Please see below for my completed project on Life Expectancy and GDP. This was a good experience in navigating through many different plots. The project took me 1.5 days to complete.

Great Project! This helped me learn about tidying up graphs (I used a log scale for several plots) and improving readability.

Would love some feedback.

awesome stuff. In[29] has an incorrect x-label: #Visualize GDP

plt.figure(figsize = (10, 8))

sns.barplot(x = ‘Country’, y = ‘GDP’, data = data_mean)

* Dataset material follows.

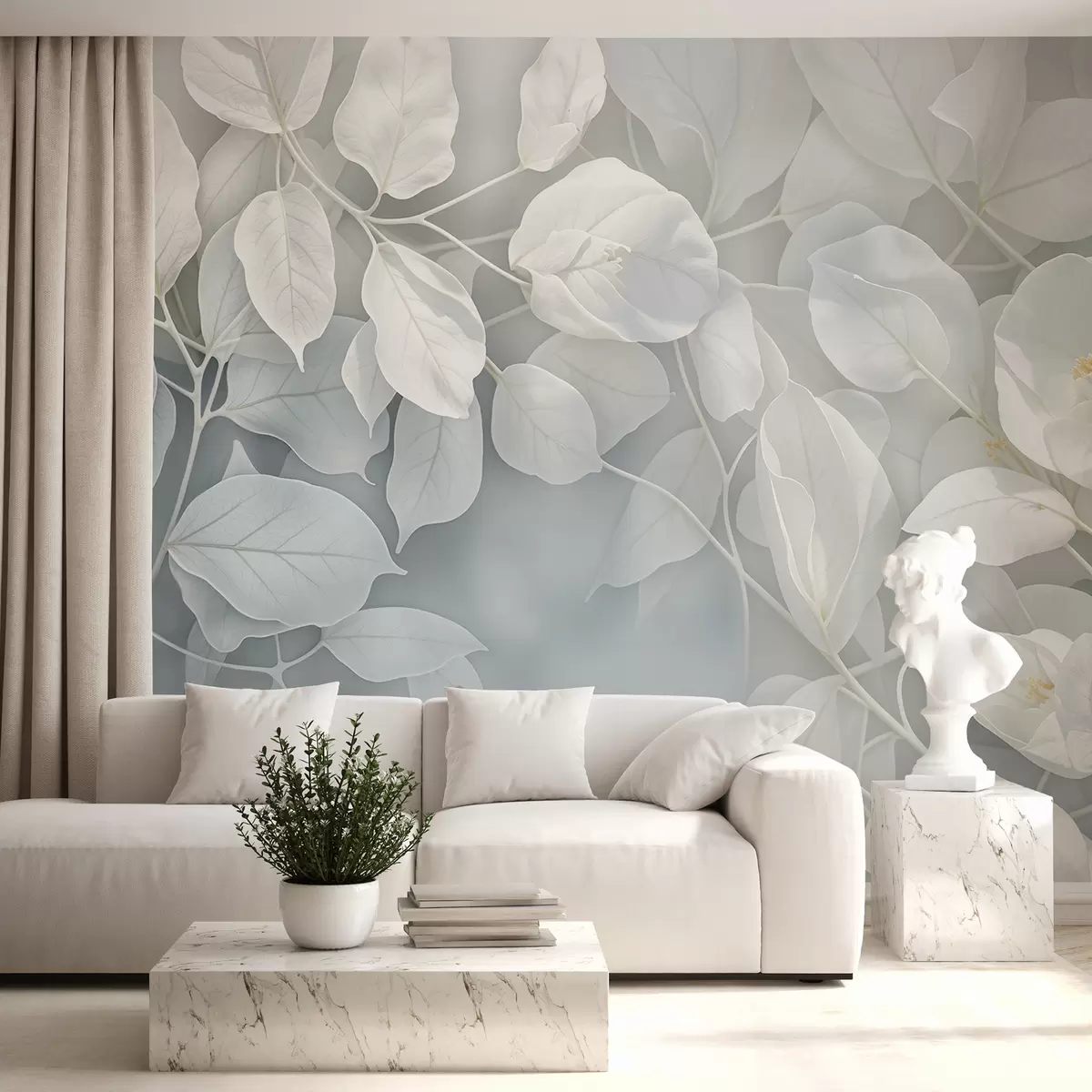 Fototapetai Minkštos, švelnios baltos gėlės su pilkai žaliais lapais neryškiame fone, sukuriančios ramią atmosferą Nr. w08232

**plt.xlabel(‘Life expectancy at birth (in years)’)**

#this should be “Country” not Life expectancy

plt.title(‘Average GDP of Six Countries’, fontsize = 16)

plt.show()

plt.clf()

Hi again Shiraen, another error i see in In[31]:

```
#Create separate line plot for each countries
avg_life_expectancy = sns.FacetGrid(data, col="Country", col_wrap=3,
hue = "Country", sharey = False)
avg_life_expectancy = (avg_life_expectancy.map(sns.lineplot,"Year","GDP").add_legend().set_axis_labels("Year","GDP in Trillions (USD)"))
avg_life_expectancy.fig.suptitle('GDP from Year 2000-2015', fontsize = 16)
avg_life_expectancy.fig.subplots_adjust(top = 0.9)
plt.show()
plt.clf()
```

Do you see the error? You’re talkinga bout avg_life_expectancy but you’re using GDP! you used this one correctly for GDP, but you need to change the GDP input to Life Expectancy input! OTherwise you have two identical data visualizations.

Hi wilddavidwild,

I indeed totally overlooked them. Thank you for the feedback and corrections! it is so much appreciated.

Cheers,

Shiraen

Hey everyone, I found this one challenging and found myself using the solution a lot to find inspiration, but overall It has taught me how to take such a project step by step and working through it systematically.

Hi team, here is my project, feel free to comment and to criticize.

https://github.com/paasxx/Life-Expectancy-GDP/blob/main/life_expectancy_gdp.ipynb

Hey there, this was a really fun project, I still struggle with understanding how to do this off the Codecademy platform and properly setting up my Github Repositories, but here it is!